## Task objective
The range to repeat runs from the line with "The Meshify 2" to the last line below, both ends included; give it exactly and without pictures.

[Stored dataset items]

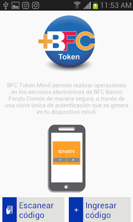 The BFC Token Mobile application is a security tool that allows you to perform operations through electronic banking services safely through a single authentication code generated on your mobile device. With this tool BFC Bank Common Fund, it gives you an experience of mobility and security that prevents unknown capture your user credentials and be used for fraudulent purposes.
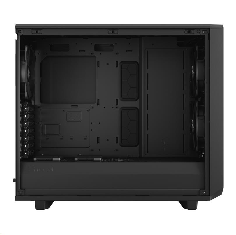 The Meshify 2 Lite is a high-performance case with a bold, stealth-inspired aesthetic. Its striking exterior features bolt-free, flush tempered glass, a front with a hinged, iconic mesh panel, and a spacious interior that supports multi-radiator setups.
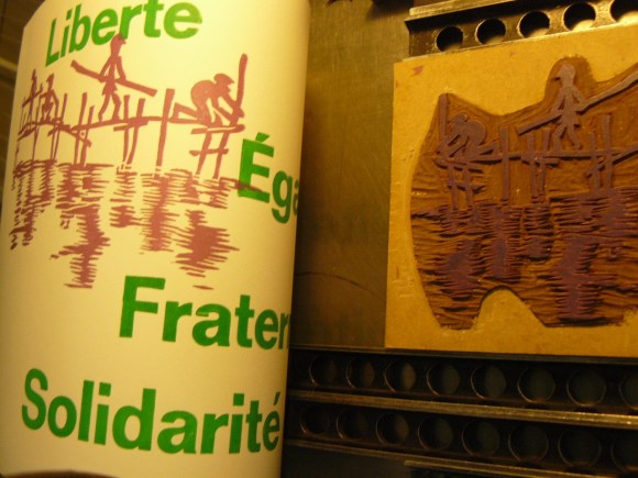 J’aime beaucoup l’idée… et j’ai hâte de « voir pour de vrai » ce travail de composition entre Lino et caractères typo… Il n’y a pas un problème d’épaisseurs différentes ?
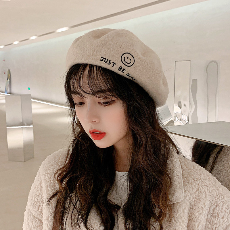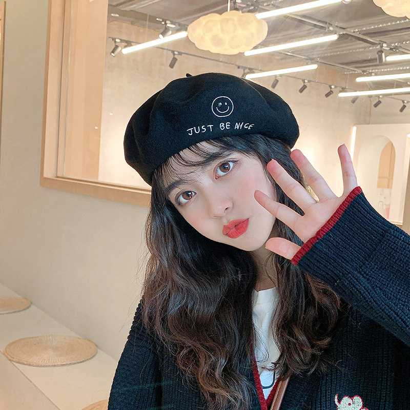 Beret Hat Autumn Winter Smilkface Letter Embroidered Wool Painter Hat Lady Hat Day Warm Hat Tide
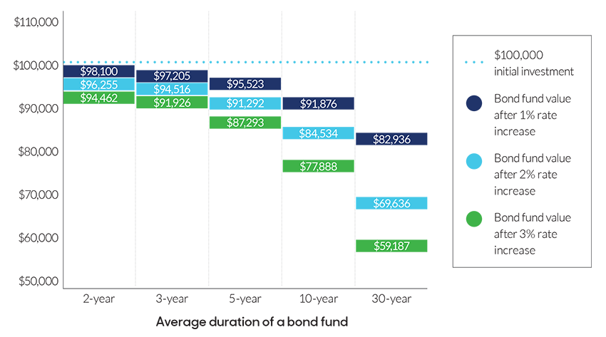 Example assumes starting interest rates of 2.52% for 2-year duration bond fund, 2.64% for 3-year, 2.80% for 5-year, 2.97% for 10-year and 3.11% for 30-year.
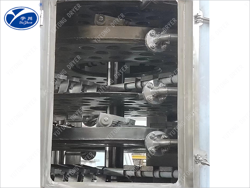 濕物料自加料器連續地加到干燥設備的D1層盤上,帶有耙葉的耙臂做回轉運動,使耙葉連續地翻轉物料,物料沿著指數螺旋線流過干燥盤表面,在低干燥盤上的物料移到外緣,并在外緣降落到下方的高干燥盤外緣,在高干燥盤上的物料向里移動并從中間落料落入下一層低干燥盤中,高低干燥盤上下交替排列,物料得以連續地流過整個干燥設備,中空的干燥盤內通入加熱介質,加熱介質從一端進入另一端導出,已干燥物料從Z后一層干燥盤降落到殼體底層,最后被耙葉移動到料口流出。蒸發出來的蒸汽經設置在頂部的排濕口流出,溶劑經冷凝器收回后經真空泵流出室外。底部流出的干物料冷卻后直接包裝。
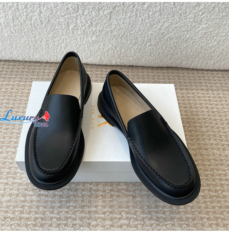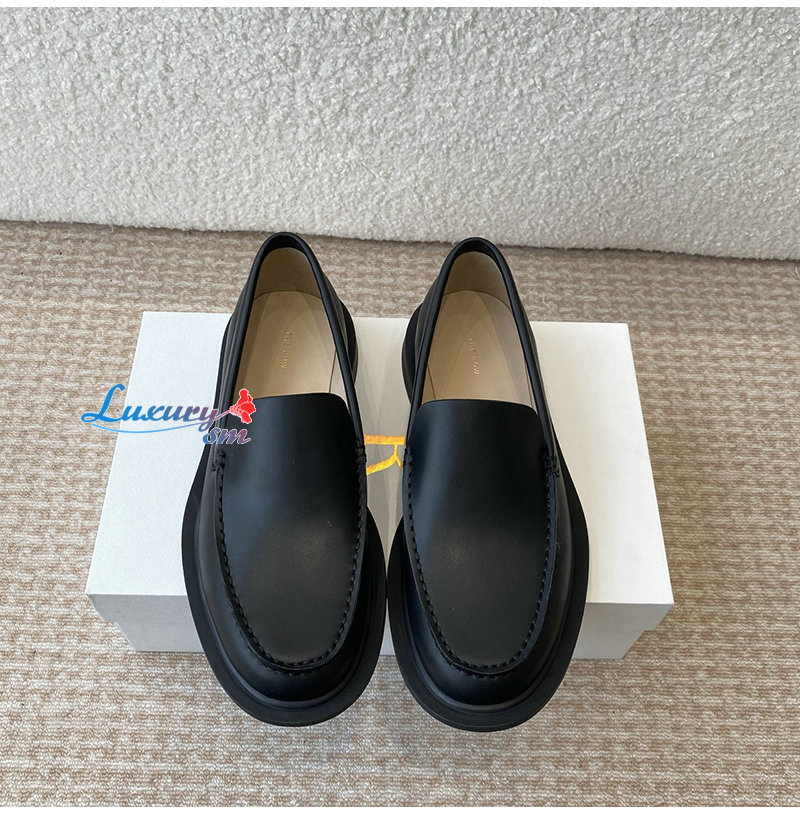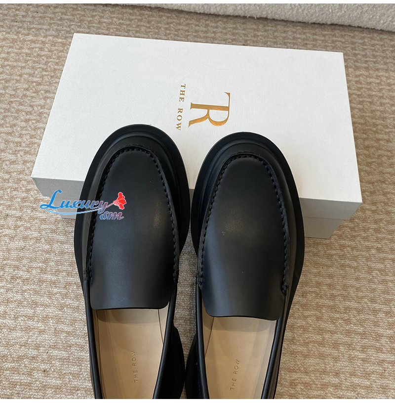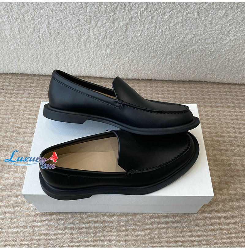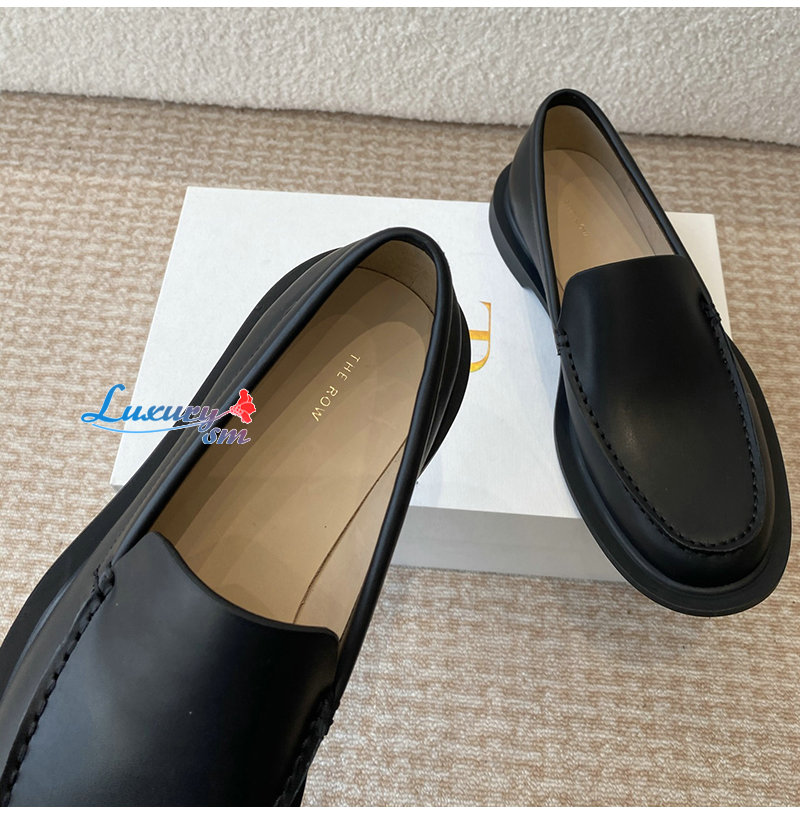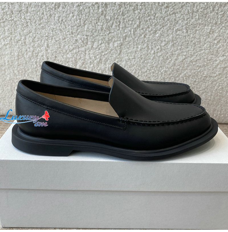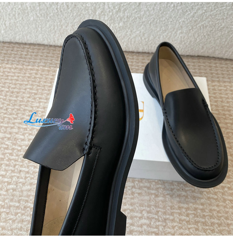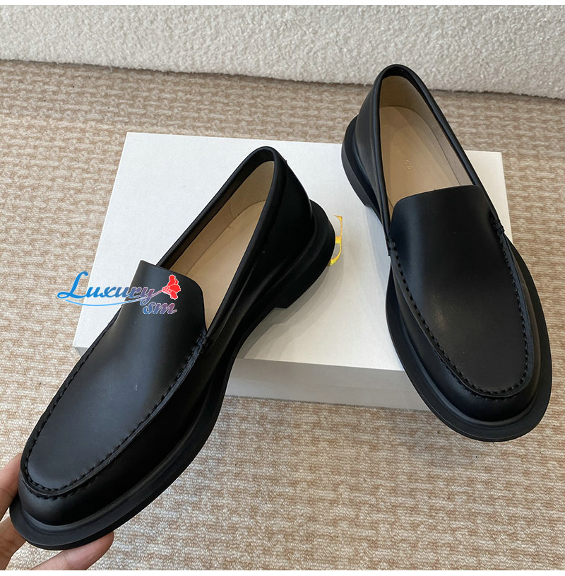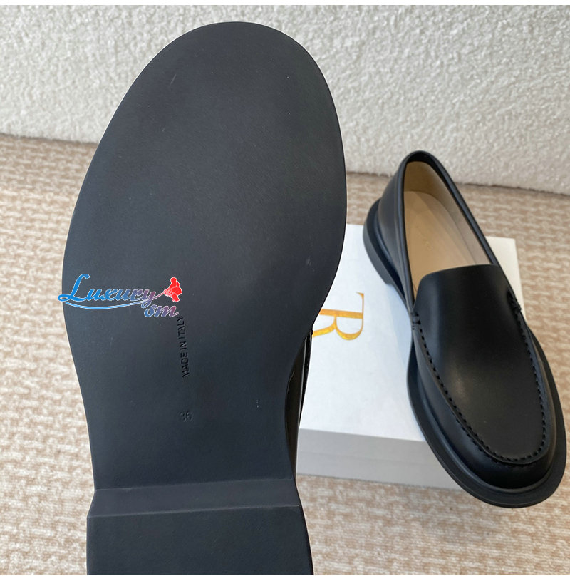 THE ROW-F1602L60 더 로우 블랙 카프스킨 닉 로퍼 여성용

## Written answer
 The Meshify 2 Lite is a high-performance case with a bold, stealth-inspired aesthetic. Its striking exterior features bolt-free, flush tempered glass, a front with a hinged, iconic mesh panel, and a spacious interior that supports multi-radiator setups.
 J’aime beaucoup l’idée… et j’ai hâte de « voir pour de vrai » ce travail de composition entre Lino et caractères typo… Il n’y a pas un problème d’épaisseurs différentes ?
 Beret Hat Autumn Winter Smilkface Letter Embroidered Wool Painter Hat Lady Hat Day Warm Hat Tide
 Example assumes starting interest rates of 2.52% for 2-year duration bond fund, 2.64% for 3-year, 2.80% for 5-year, 2.97% for 10-year and 3.11% for 30-year.
 濕物料自加料器連續地加到干燥設備的D1層盤上,帶有耙葉的耙臂做回轉運動,使耙葉連續地翻轉物料,物料沿著指數螺旋線流過干燥盤表面,在低干燥盤上的物料移到外緣,并在外緣降落到下方的高干燥盤外緣,在高干燥盤上的物料向里移動并從中間落料落入下一層低干燥盤中,高低干燥盤上下交替排列,物料得以連續地流過整個干燥設備,中空的干燥盤內通入加熱介質,加熱介質從一端進入另一端導出,已干燥物料從Z后一層干燥盤降落到殼體底層,最后被耙葉移動到料口流出。蒸發出來的蒸汽經設置在頂部的排濕口流出,溶劑經冷凝器收回后經真空泵流出室外。底部流出的干物料冷卻后直接包裝。
 THE ROW-F1602L60 더 로우 블랙 카프스킨 닉 로퍼 여성용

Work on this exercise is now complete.